**WHAT THIS TASK INVOLVES**:
Every line of the listing below from the one with "Question 1: 3x - 5 + x + 3 = 38." up to and including the one with "月经推迟23天了,去医院验血" should be retyped exactly, and nothing else; pictures are not part of the copy.

**MATERIAL FOR THE TASK**:
····················

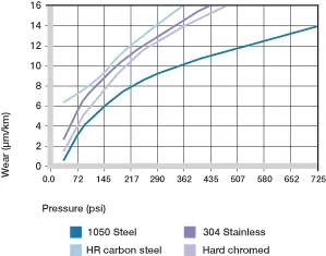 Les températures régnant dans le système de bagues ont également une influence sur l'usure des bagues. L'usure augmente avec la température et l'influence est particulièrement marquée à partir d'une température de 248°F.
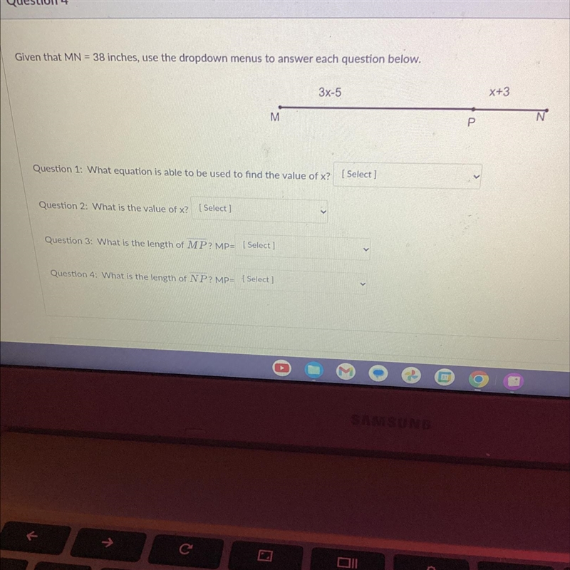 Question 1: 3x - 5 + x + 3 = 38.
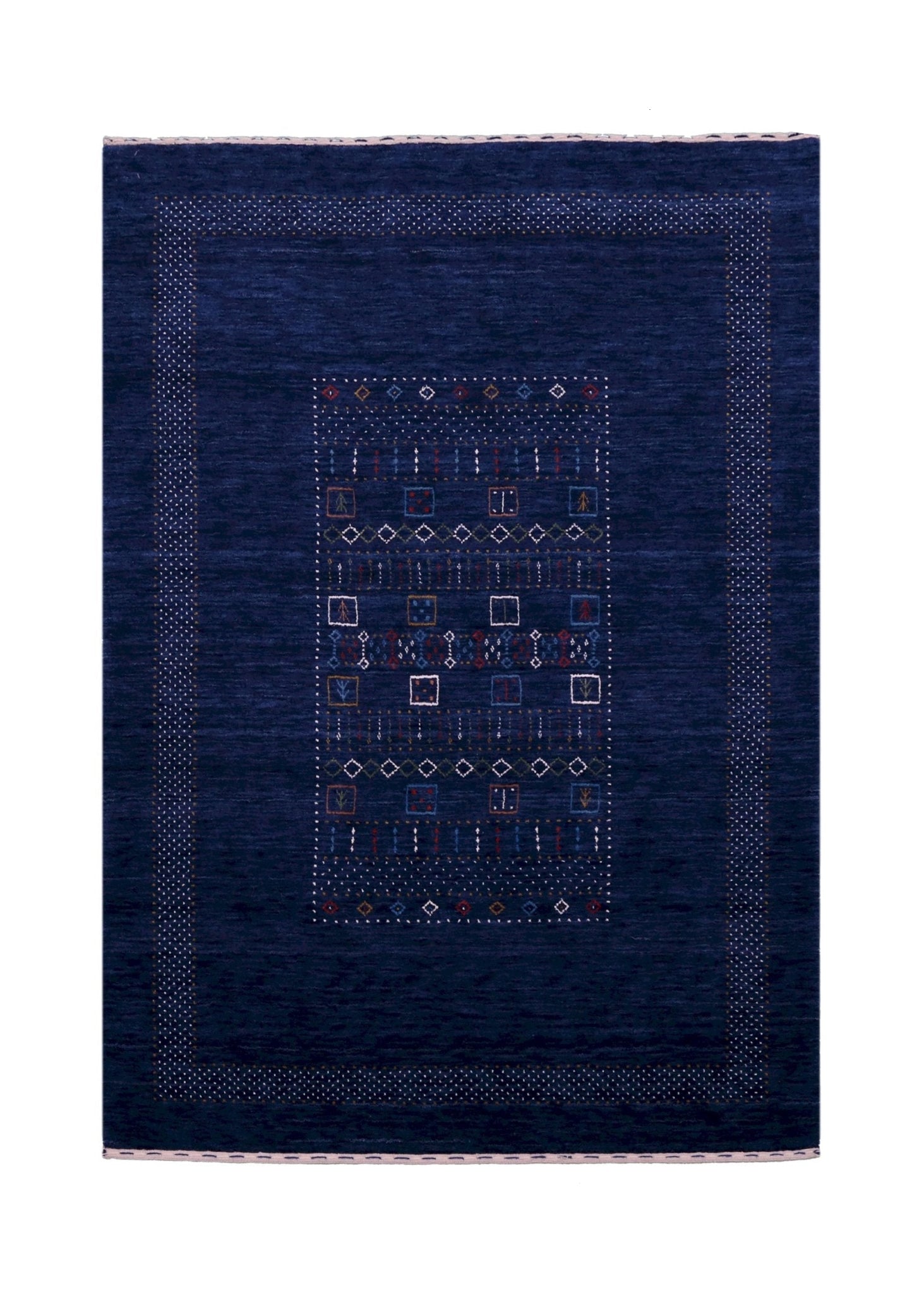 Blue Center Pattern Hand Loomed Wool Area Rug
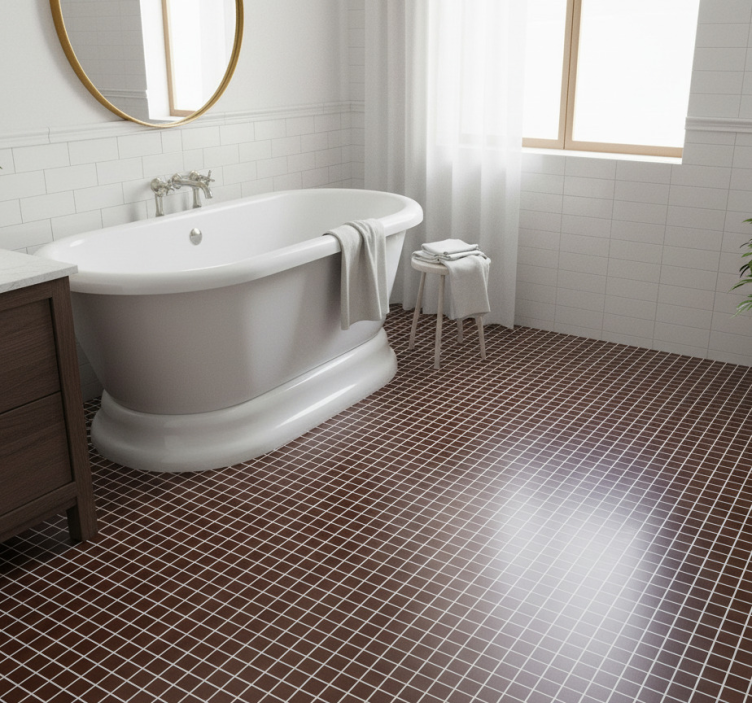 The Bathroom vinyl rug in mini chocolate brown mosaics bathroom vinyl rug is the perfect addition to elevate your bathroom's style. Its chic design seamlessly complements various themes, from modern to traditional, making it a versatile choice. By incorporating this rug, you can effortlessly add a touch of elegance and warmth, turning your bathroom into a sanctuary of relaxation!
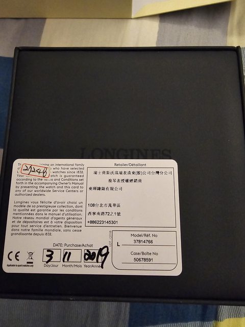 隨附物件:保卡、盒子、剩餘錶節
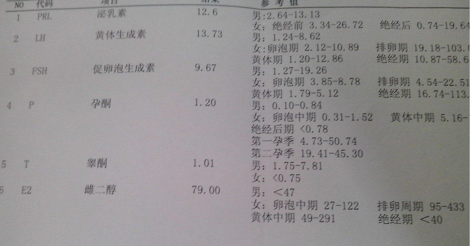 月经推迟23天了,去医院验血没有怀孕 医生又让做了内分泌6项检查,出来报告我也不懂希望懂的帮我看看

····················

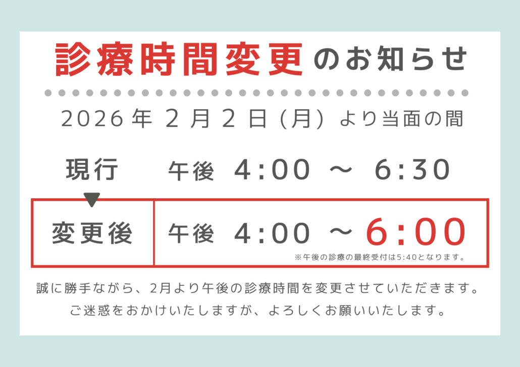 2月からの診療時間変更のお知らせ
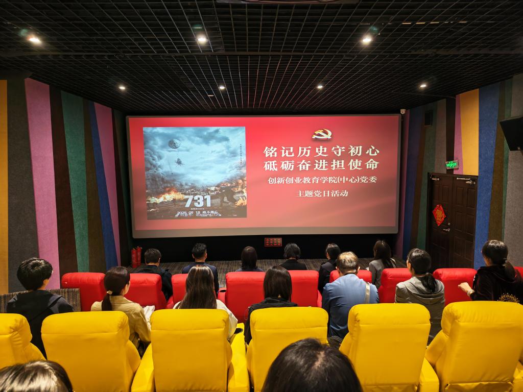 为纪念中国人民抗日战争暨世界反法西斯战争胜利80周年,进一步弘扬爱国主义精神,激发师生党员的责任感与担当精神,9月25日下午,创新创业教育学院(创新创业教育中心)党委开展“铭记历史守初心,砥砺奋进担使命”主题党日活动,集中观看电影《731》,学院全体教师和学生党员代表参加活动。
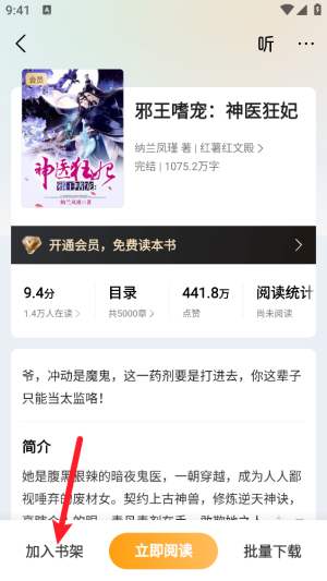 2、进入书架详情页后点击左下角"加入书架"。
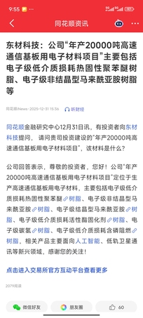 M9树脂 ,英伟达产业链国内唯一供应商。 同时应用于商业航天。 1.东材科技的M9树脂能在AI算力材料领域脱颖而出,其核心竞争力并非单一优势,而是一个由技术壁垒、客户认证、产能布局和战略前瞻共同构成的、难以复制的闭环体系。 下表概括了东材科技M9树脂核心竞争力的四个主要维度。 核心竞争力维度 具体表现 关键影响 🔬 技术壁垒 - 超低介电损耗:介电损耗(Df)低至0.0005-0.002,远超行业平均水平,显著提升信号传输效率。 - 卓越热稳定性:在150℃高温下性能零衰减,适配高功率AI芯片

····················

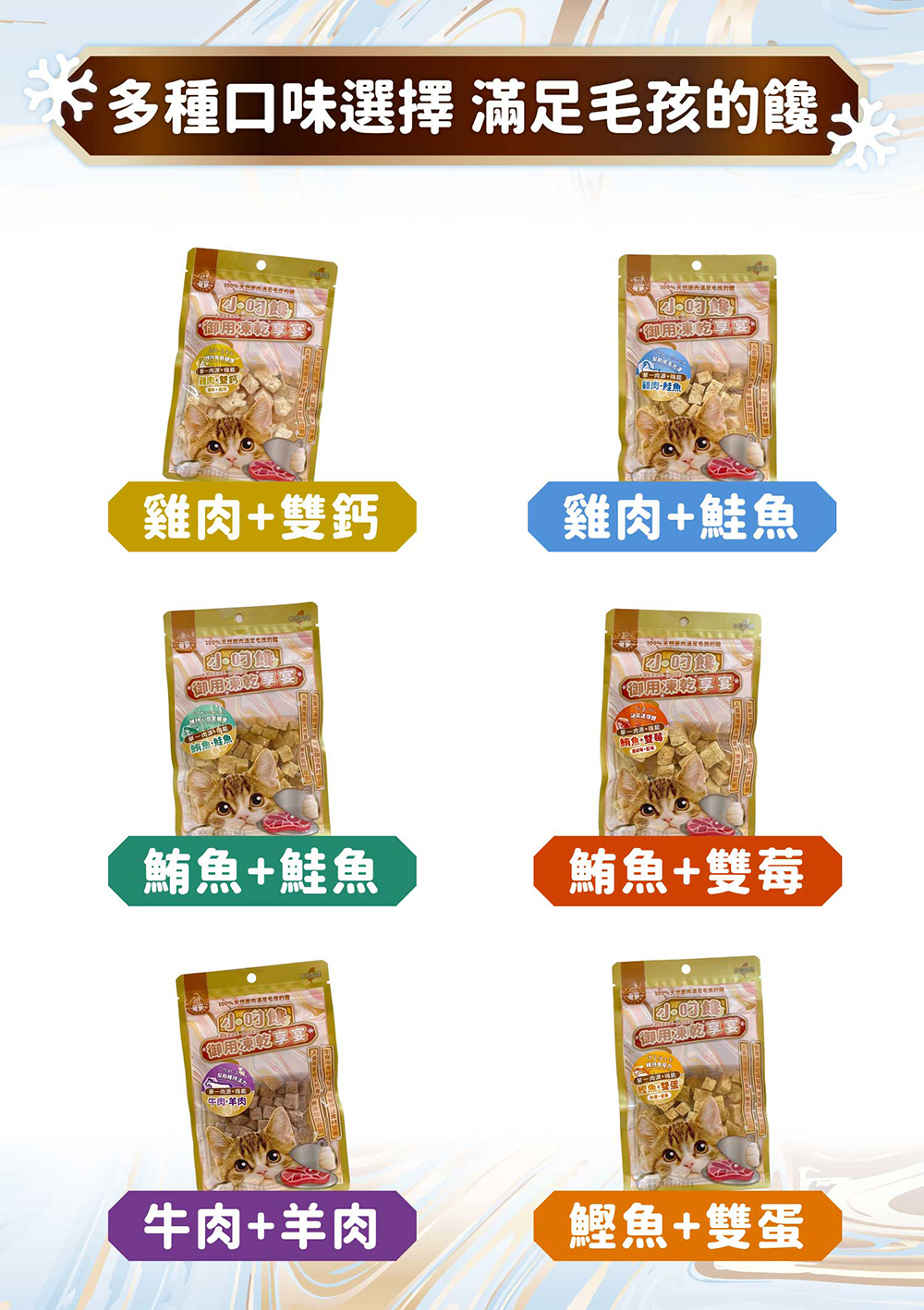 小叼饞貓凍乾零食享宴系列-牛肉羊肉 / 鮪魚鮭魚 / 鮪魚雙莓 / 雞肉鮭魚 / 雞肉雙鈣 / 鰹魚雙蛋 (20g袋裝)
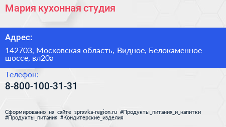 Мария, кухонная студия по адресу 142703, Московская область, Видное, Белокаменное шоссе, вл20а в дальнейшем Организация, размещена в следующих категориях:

····················

**SOLUTION FOR THIS TASK**:
 Question 1: 3x - 5 + x + 3 = 38.
 Blue Center Pattern Hand Loomed Wool Area Rug
 The Bathroom vinyl rug in mini chocolate brown mosaics bathroom vinyl rug is the perfect addition to elevate your bathroom's style. Its chic design seamlessly complements various themes, from modern to traditional, making it a versatile choice. By incorporating this rug, you can effortlessly add a touch of elegance and warmth, turning your bathroom into a sanctuary of relaxation!
 隨附物件:保卡、盒子、剩餘錶節
 月经推迟23天了,去医院验血没有怀孕 医生又让做了内分泌6项检查,出来报告我也不懂希望懂的帮我看看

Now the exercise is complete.